À la fin de l’exercice en cours, la dette fédérale va atteindre les 1234 milliards de dollars, soit 32 362 $ par tête de Canadien. C’est presque le double de la dette fédérale de 629 milliards $ au 31 mars 2015, sous le précédent gouvernement conservateur de Stephen Harper.

Élu la première fois en octobre 2015, puis une seconde fois en octobre 2019, Justin Trudeau a bouclé systématiquement tous les exercices financiers dans le trou.

Son gouvernement a accumulé des déficits de l’ordre de 54 milliards lors de son premier mandat. Mais c’est évidemment lors de son second mandat que le gouvernement minoritaire de Justin Trudeau, à cause de la COVID-19, s’est senti obligé de ne pas lésiner sur la dépense.

Conséquence : des déficits dépassant au total la barre des 500 milliards $ ont suivi.

Ce qui a fait exploser la dette fédérale.

POUVAIT-IL FAIRE AUTREMENT ?

La grande question : compte tenu de la sévère crise économique mondiale déclenchée par la pandémie du coronavirus à partir de la mi-mars 2020, Justin Trudeau pouvait-il rester de glace devant la catastrophe financière qui frappait les ménages et les entreprises et se contenter de limiter au minimum les dépenses fédérales ?

Non ! Pas de doute que son « Plan d’intervention économique du Canada pour répondre à la COVID-19 » a permis aux millions d’éclopés canadiens de la pandémie (particuliers, entreprises) de sauver les meubles, pour la plupart d’entre eux. 

Et par surcroît, il est important de mentionner que l’ambitieux « Plan d’intervention » de Trudeau a également permis de soutenir financièrement les gouvernements provinciaux, ces derniers bénéficiant des taxes et impôts provinciaux que les prestataires des multiples programmes d’aide fédérale ont payés durant la pandémie.

LE COÛTEUX PLAN

C’est ce fameux plan « anti-désastre COVID » de Justin Trudeau qui a fait bondir comme jamais la dette fédérale à cause de l’explosion des récents déficits budgétaires.

Le déficit du gouvernement fédéral en 2020-21 s’élevait à 354 milliards $. Celui de l’actuel exercice 2021-22 devrait atteindre les 155 milliards $. Même l’exercice 2019-20 a écopé de la COVID-19, le déficit grimpant de 28 milliards $ lors du seul mois de mars 2020.

Ce qui donne depuis mars 2020 un cumulatif de 537 milliards $ de déficit, à cause en grande partie des mesures mises en place par le gouvernement Trudeau pour aider les Canadiens à lutter contre le désastre économique généré au Canada par la pandémie du coronavirus.

À cela s’ajoutent des centaines de milliards de dollars d’assouplissement monétaire de la part de la Banque du Canada, de prêts bancaires à taux réduits, etc.

QUAND ON SE COMPARE

Est-ce que le gouvernement Trudeau a fait preuve d’une trop grande « générosité » à l’endroit des éclopés canadiens de la COVID-19 ?

Chose certaine, il n’a pas eu peur de dépenser.
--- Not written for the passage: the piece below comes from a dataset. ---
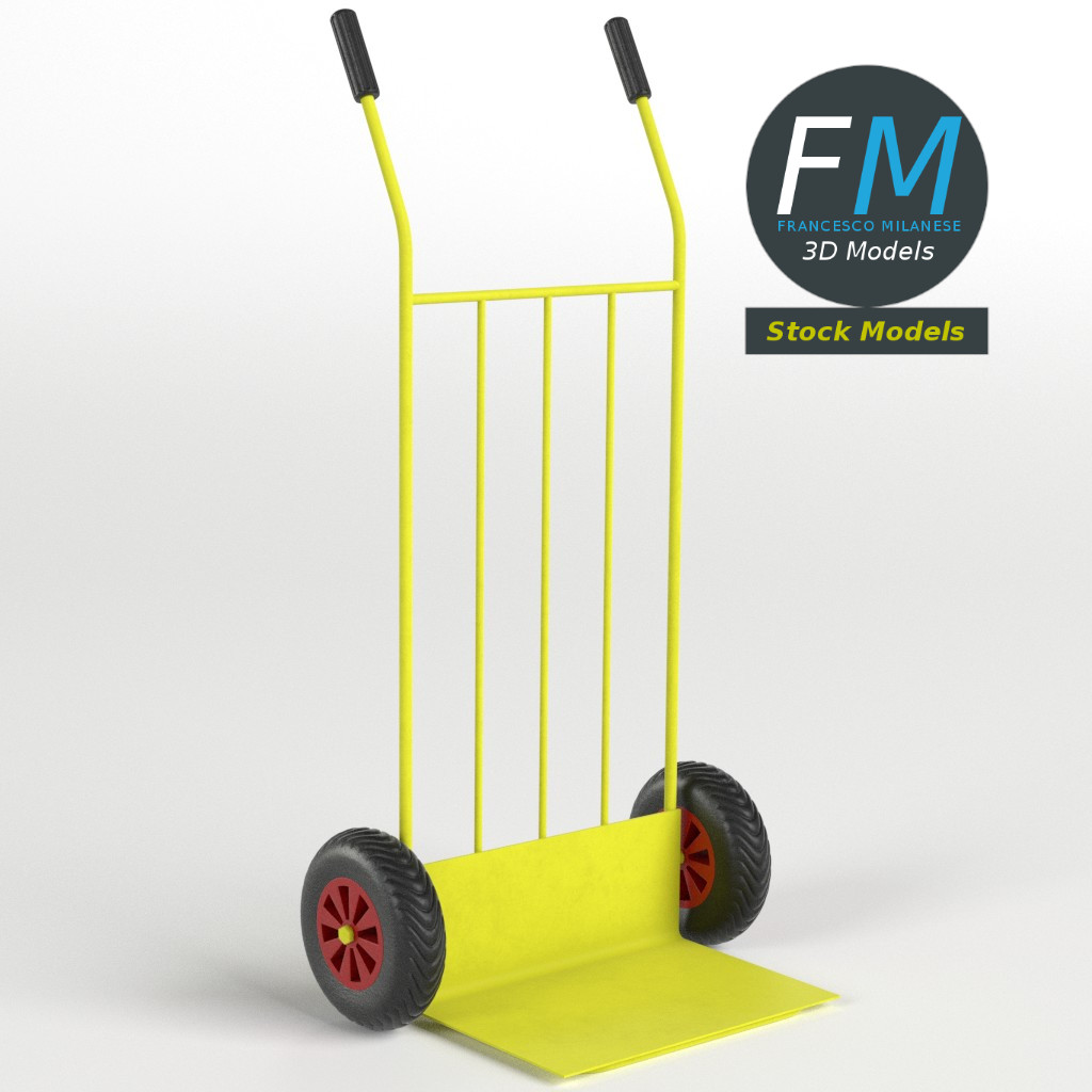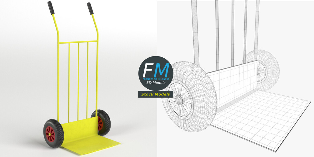 Parcel trolley sack truck 3D Model. 2 individual objects (frame, wheels; so, you can easily rotate or even animate it), sharing the same non overlapping UV Layout map, Material and PBR Textures set. Production-ready 3D Model, with PBR materials, textures, non overlapping UV Layout map provided in the package.

Aucune hésitation ! Un problème, un programme. Pas de temps à perdre avec les modalités. On corrigera le tir plus tard !

Mais à la décharge de Trudeau, il faut dire qu’il en fut de même chez la plupart des pays du G20. Globalement, selon l’Agence France-Presse, les pays du G20 ont dépensé quelque 16 000 milliards $ US pour relancer leurs économies depuis le début de la fichue pandémie du coronavirus.

Ce sont Donald Trump et son successeur Joe Biden qui ont le plus « investi » dans le cadre de la grave crise liée à la COVID-19. 

DES ERREURS

Des erreurs ? Bien sûr qu’il y en a eu. C’était inévitable à cause de la folle rapidité avec laquelle le gouvernement Trudeau a mis en place son fameux plan d’intervention pour lutter contre la COVID.
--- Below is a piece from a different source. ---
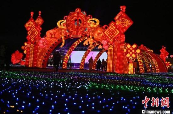 12月27日,吉林松原,數(shù)百組花燈流光溢彩,營造出濃厚的新年氛圍,吸引市民前來觀賞。

Le plus « bel » exemple ? La généreuse PCU qui a eu pour conséquence de « forcer » nombre de prestataires à rester à la maison au lieu de retourner sur le marché du travail à un salaire inférieur !

Autre erreur ? Au fil des mois, verser à des prestataires de la PCU plus d’argent que leur revenu annuel !
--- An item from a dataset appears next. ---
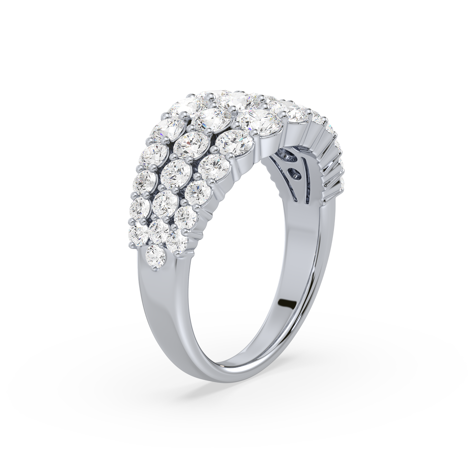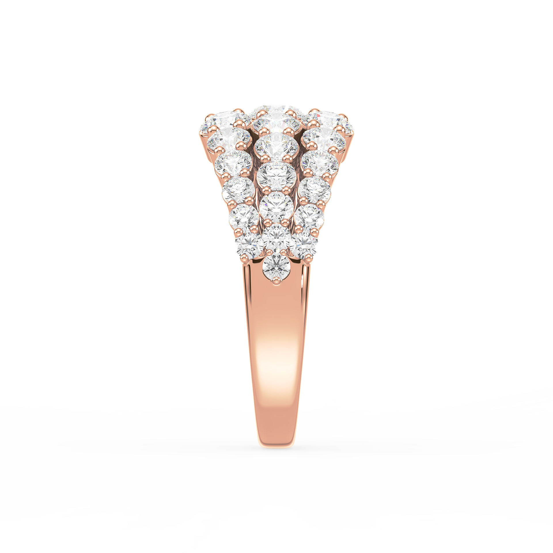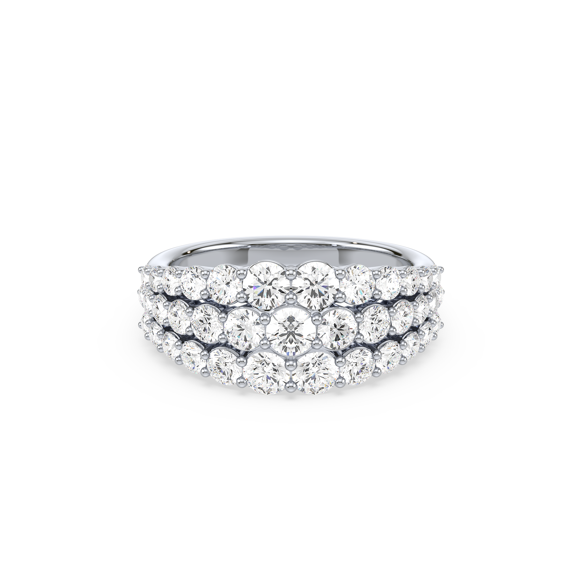 This Majestic Round Cascade Trinity Prong Ring features three round diamonds cascading down the band in a graceful design. Set in prongs, the diamonds sparkle brilliantly, creating a dynamic flow that symbolises love’s progression through time.

Et que dire de la mesure du « Compte d’urgence », qui a permis à des centaines de milliers de petites entreprises canadiennes de bénéficier d’un prêt sans intérêt de 60 000 $, dont un total de 20 000 $ sera radié si le solde du prêt est remboursé au plus tard le 31 décembre 2022 ?

OK pour le prêt sans intérêt. Il y a eu des prêts octroyés pour 49 milliards de dollars.

Mais pourquoi donner par surcroît aux propriétaires des entreprises bénéficiaires des prêts sans intérêt un cadeau de 20 000 $ ? Un immense cadeau qui risque de nous coûter collectivement plus de 10 milliards de dollars.

Ça, monsieur Trudeau, c’est inéquitable envers les contribuables ! 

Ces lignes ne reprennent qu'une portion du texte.